We seem to have embarked on a direct course for getting the little guy his first big-boy bed. When the subject first came up my wife and I decided to take a wait and see approach (mainly because she was pregnant with our second and we had quite enough to try to sort out at the time, thanks) where as long as the little guy seemed happy in his crib (i.e. wasn’t actively trying to escape its confines on a semi-regular basis) we would just leave well enough alone. But lately he’s been requesting that we take the mattress out of the crib and put it on the floor for him; I think this came from the fact that they take their naps at school on the floor and he decided he liked that. So we let him sleep on a floor-level mattress for a couple of naps previously, and last night we finally let him sleep on the floor overnight. We still reserve the right to go back to the crib if it seems prudent, but if the new arrangement proves to cause no undue hardships on any side, we’ll get a proper bed to put the mattress in. One night in and no hardships yet, so we shall see.

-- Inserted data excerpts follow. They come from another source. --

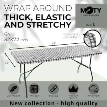Transform your dining experience! The versatile Tablecloth for Folding Table is the ultimate solution for busy families and those who enjoy hosting outdoor gatherings. Measuring 32 x 72 inches, this fitted tablecloth features a secure elastic rim that adapts snugly to any rectangular table size up to 3 inches thick. Perfectly designed to eliminate the hassle of shifting or blowing in the wind during parties or picnics, this product brings a blend of practicality and elegance...
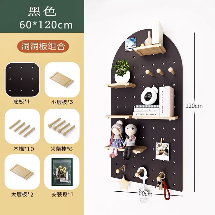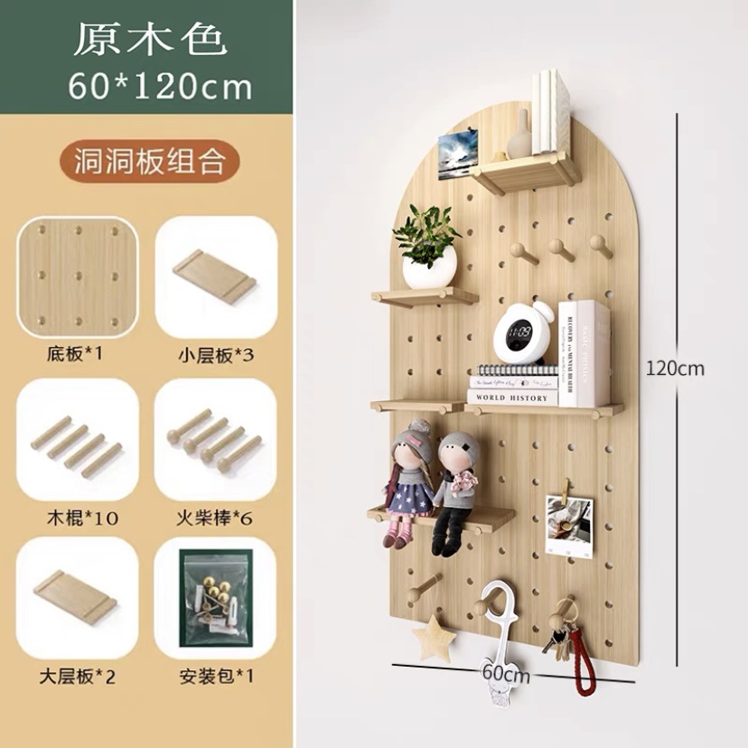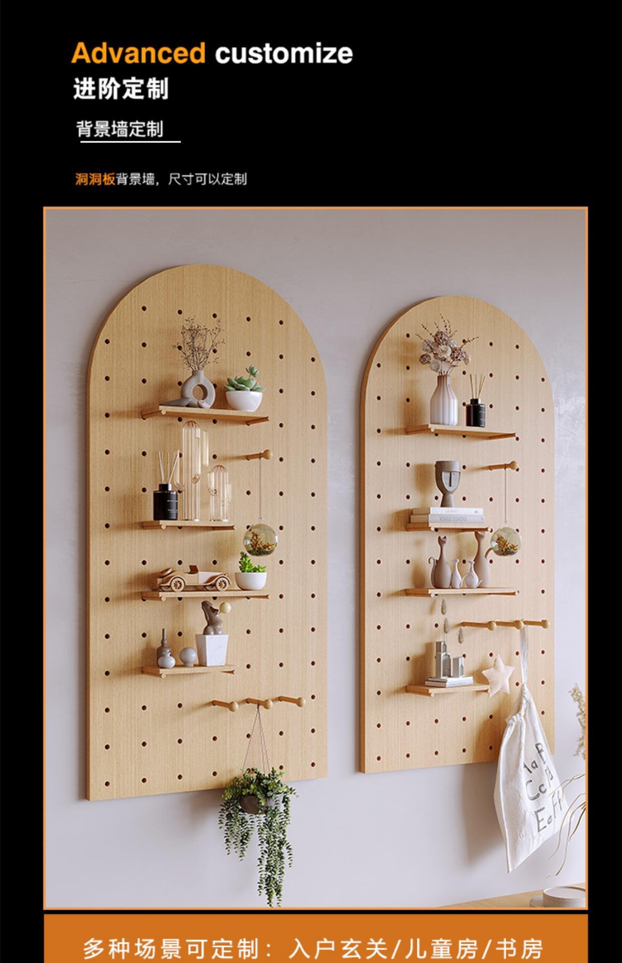 단단한 나무 구멍 보드 아치 벽 장식 파티션 선반 라미네이트 보드 홈 나무 거실 입구 보관 랙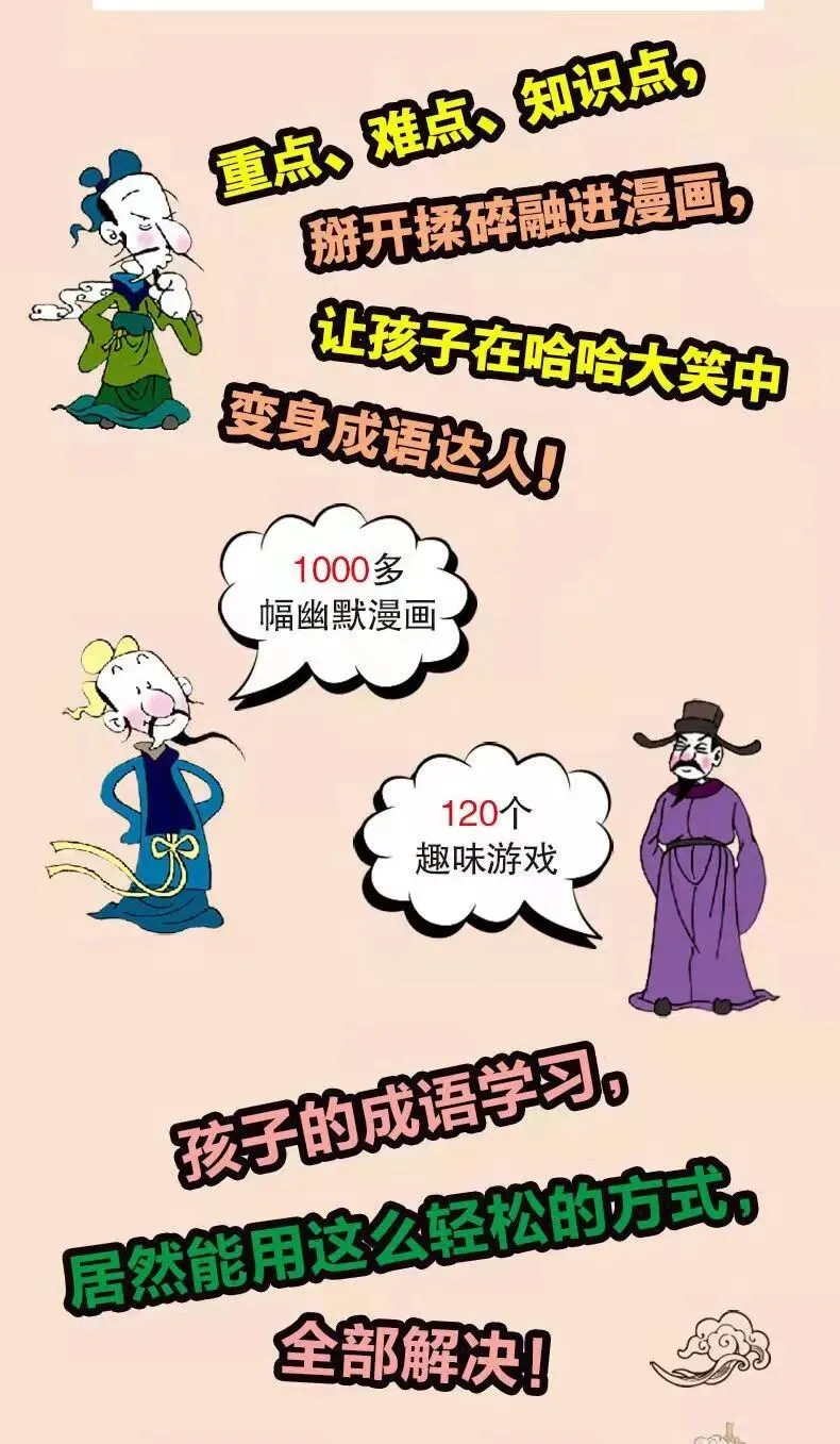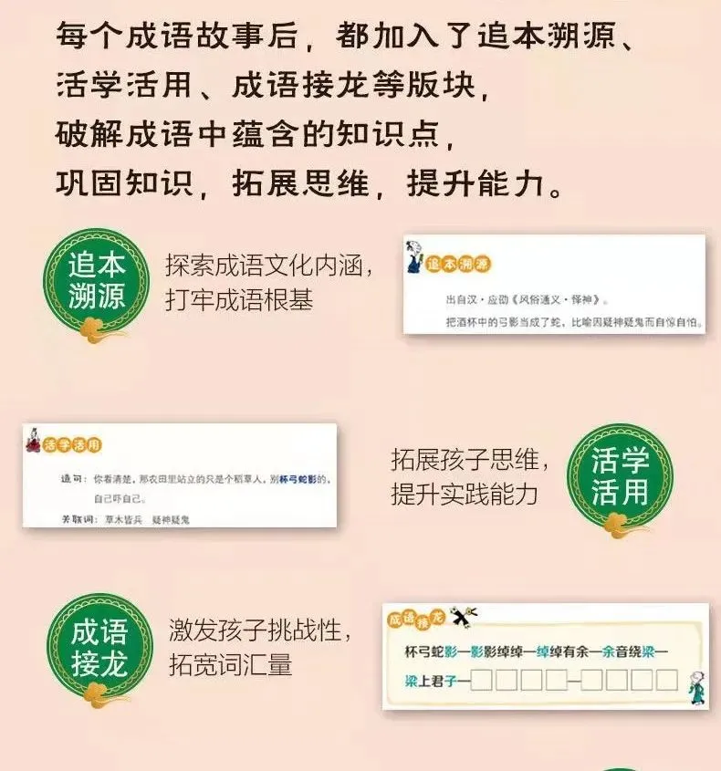 整套书共有200多个成语故事、1000多幅成语漫画、200多条成语接龙、5000+个成语,干货满满,不仅可以读故事,还可以看漫画、玩游戏、背接龙,一套书都可以拥有,非常全面。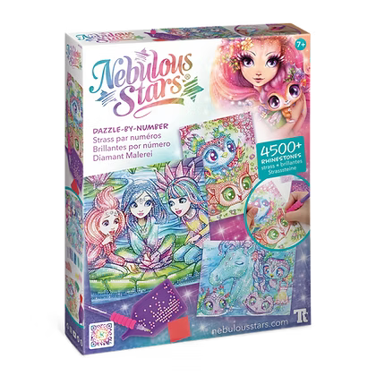 The Nebulous Stars - Dazzle-by-Number Rainbow lets kids create three dazzling masterpieces using micro-gems on adhesive templates. Follow the color-coded numbers for stunning results!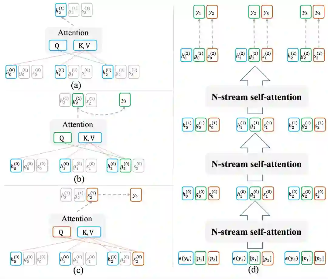 图2:(a) 为main stream self-attention;(b) 为1-st predicting stream self-attention;(c) 为2-nd predicting stream self-attention;(d) 展示了n-stream self-attention的输入输出及流程。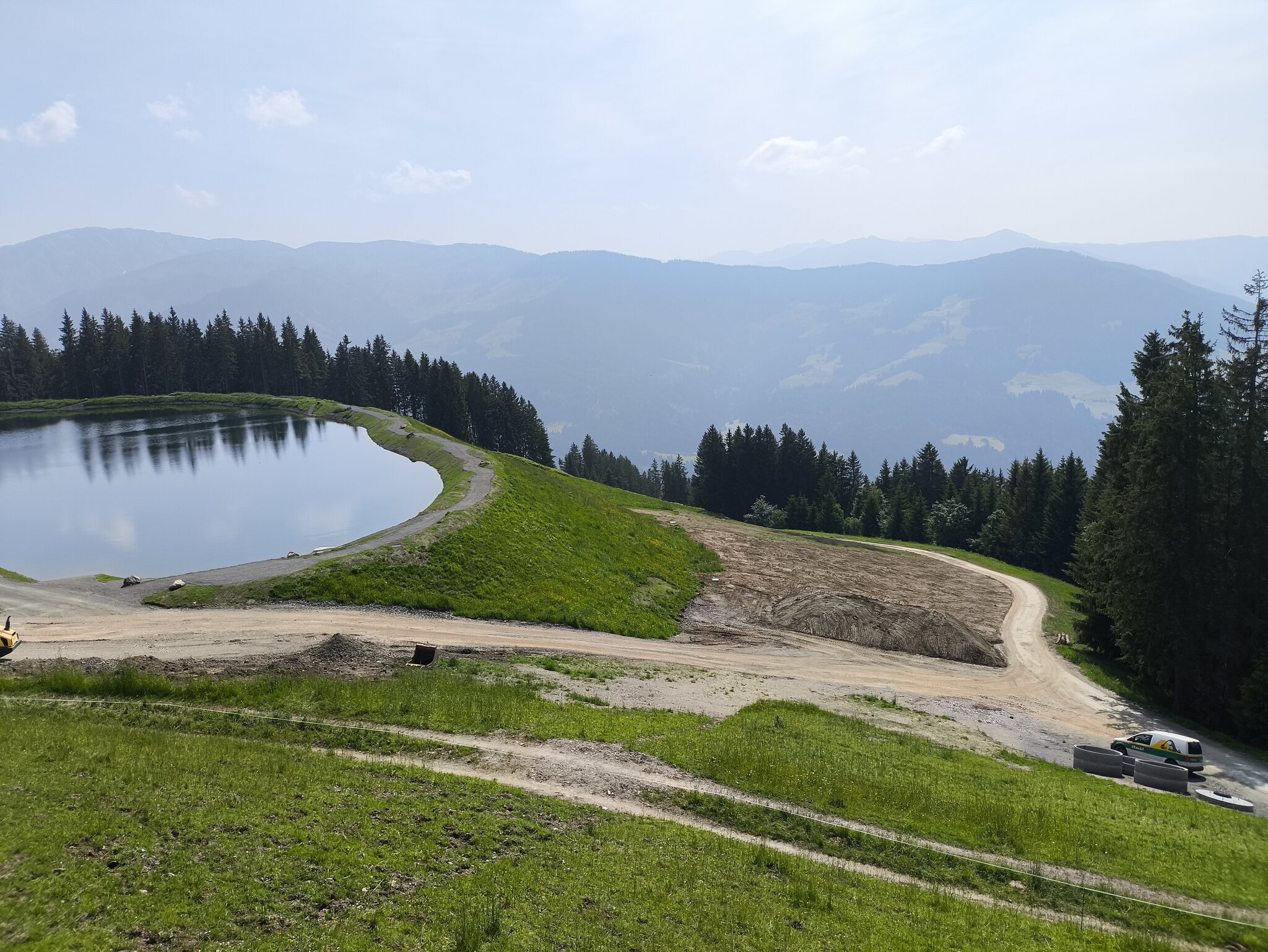130.000 m³, Lage 200m neben dem Speichterteich Hohe Salve + neue Piste an der Foischingbahn für Renntraining und Skischulen, geplanter Baustart Frühjahr 2025

The timing is funny for a couple of reasons, all centered around the fact that various contingents of my family are visiting over the coming week, and therefore who’s-sleeping-where is already top of mind. And, specifically, the first arrivals are my Little Bro and his wife; they were both endlessly amused by my son back at their wedding last summer, when the little guy was almost two and telling anyone who would listen “I’m a big boy!” and something in the delivery rendered that declaration highly quotable as far as Little Bro and sister-in-law were concerned. Thus, invoking the “big boy bed” privilege was bound to make me think of my Little Bro.
I could also tie this all together via the classic Friday stand-by of the Random Anecdote, and really, why wouldn’t I? When I was about four years old, and Little Bro was only one, we shared a bedroom. I slept in an actual grown-up bed, by which I mean a twin mattress and box spring on the flimsiest of comes-free-with-the-set metal frames. The relative size and weight of the bed components are worth noting because, for a while there, my brother and I would wake up before our parents and I would take it upon myself to liberate Little Bro from baby jail.
So I’d push the bed across the room until it was up against the rails of the crib. I might also mention that the feet of my bed sat on plastic casters and the bedroom floor was some kind of hardwood or laminate, so the physical resistance to this effort was minimal (though to this day Little Bro refers to this as a feat of “little kid super-strength” and who am I to argue with that). Once the bed was alongside the crib I could either help Little Bro climb up over the railing for a short, cushioned fall onto my mattress, or just use my own mattress as a launch pad for bounding into the crib. The end result was the same, in that the two brothers got to play together earlier than we otherwise would have if we’d waited for mom or dad to get the baby from the crib. Needless to say, whatever kind of bed we end up getting for my son, it will be too big to fit through the door and push down the hall to his sister’s room for similar shenanigans. (It may even get bolted to the wall.)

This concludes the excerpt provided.